Puppy Class = I'm skipping, however I'm planning on bringing him out to open floor or "pre class" situations for training away from home. He will also start handling classes this fall/winter. 

Training = he's SMART.  I take back what I said above him not being as smart as the other two. I have an opportunity for doing something with him in a couple weeks which requires a golden puppy that can hold a sit stay. So starting this morning, I began teaching him to hold a stay. I could see it "click" in his head by the second or third session of training today and he's now holding a very short sit stay. 

Other things he's doing =

treat toss recalls
target/marks
hand touches
spins
sit in heel position
starting downs
puppy fetches

And puppy stacks


----------



## Emmdenn (Jun 5, 2018)

I love this little guy!
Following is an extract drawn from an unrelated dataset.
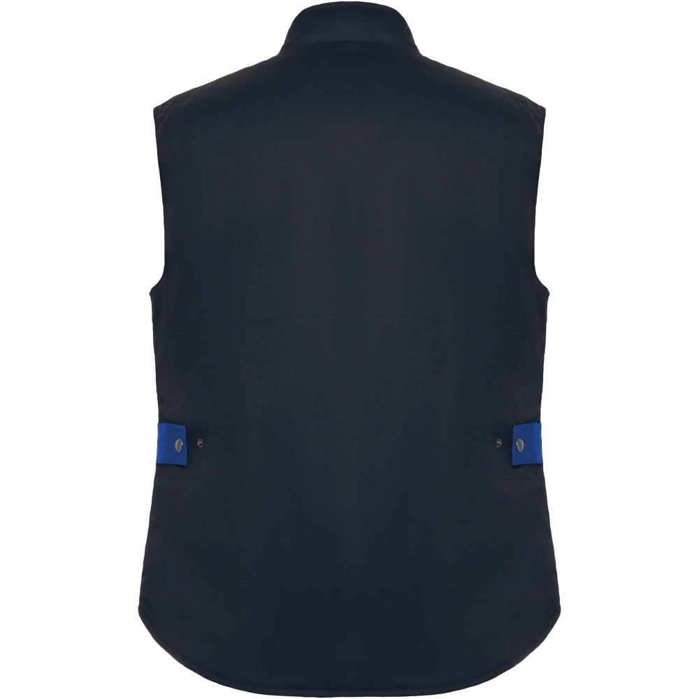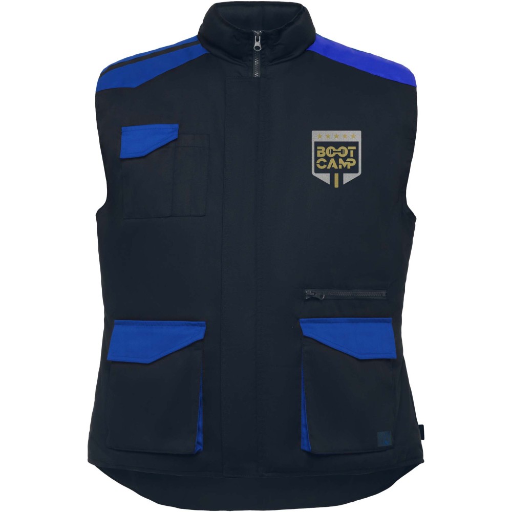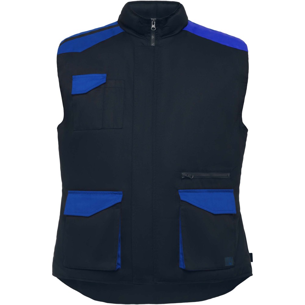 Multipocket work vest in two-colour combination, with high collar. Front zip with hook & loop fastening. Windbreakers in cuffs. Right side outer phone pocket with flap and hook & loop fastening. Two pleated front pockets with flap and hook & loop fastening. Two pen pockets. Inside pocket with hook & loop fastening. Zip pocket. Drop tail. Automatic adjuster. Contrasting shoulder pieces and details.

So fun to have full brothers from different litters. Glad to hear he’s doing so well. I can’t wait to see him grow up. 

Those baby stacking photos!! What a nice pup.


----------



## Megora (Jun 7, 2010)

cwag said:


> Congratulations. What a cutie! I thought I saw you make a passing mention of a puppy recently. Now you have Me and Mini-me times 2.


Heheh - he really is a mini-me!

That was one of the things that totally snagged me about him. He has Bertie's face. And the way he moves, struts, stacks himself - it's all Bertie again. <B


----------



## TuckersMamma (Aug 8, 2019)

Glee! Love it. So adorable ! What a cutie full of life and love. ??


----------



## Joanne & Asia (Jul 23, 2007)

Oh congratulations!! Glee is just gorgeous and so smart


----------



## LynnC (Nov 14, 2015)

Congratulations!!! He’s adorable . That’s 3 good looking boys you have there!!


----------



## Sweet Girl (Jun 10, 2010)

You know... I saw him in your signature a couple of days ago, and thought, did I miss that she got another pup? 

Love the name. He is adorable. Sounds like a great pup. I would have loved to have a full younger Shala sibling (couldn't have a second dog at the time). So nice that you have that.


----------



## Megora (Jun 7, 2010)

Heheh - yep. I put the picture out there, but took my time formulating a good explanation for going mad. LOL. 

Seriously - he's been a doll. Much easier than Jovi + he's probably the first puppy ever that I'm sticking in a crate at night. Because he'd be all playful in the middle of the night and Jovi would be all like "Let's go bro!" !

I got the car crate I'm borrowing from the breeder and have been using that for bedtimes to keep the babies apart. It's been perfect. He's crate trained + Jovi cuddles up next to the crate which has to help him too. 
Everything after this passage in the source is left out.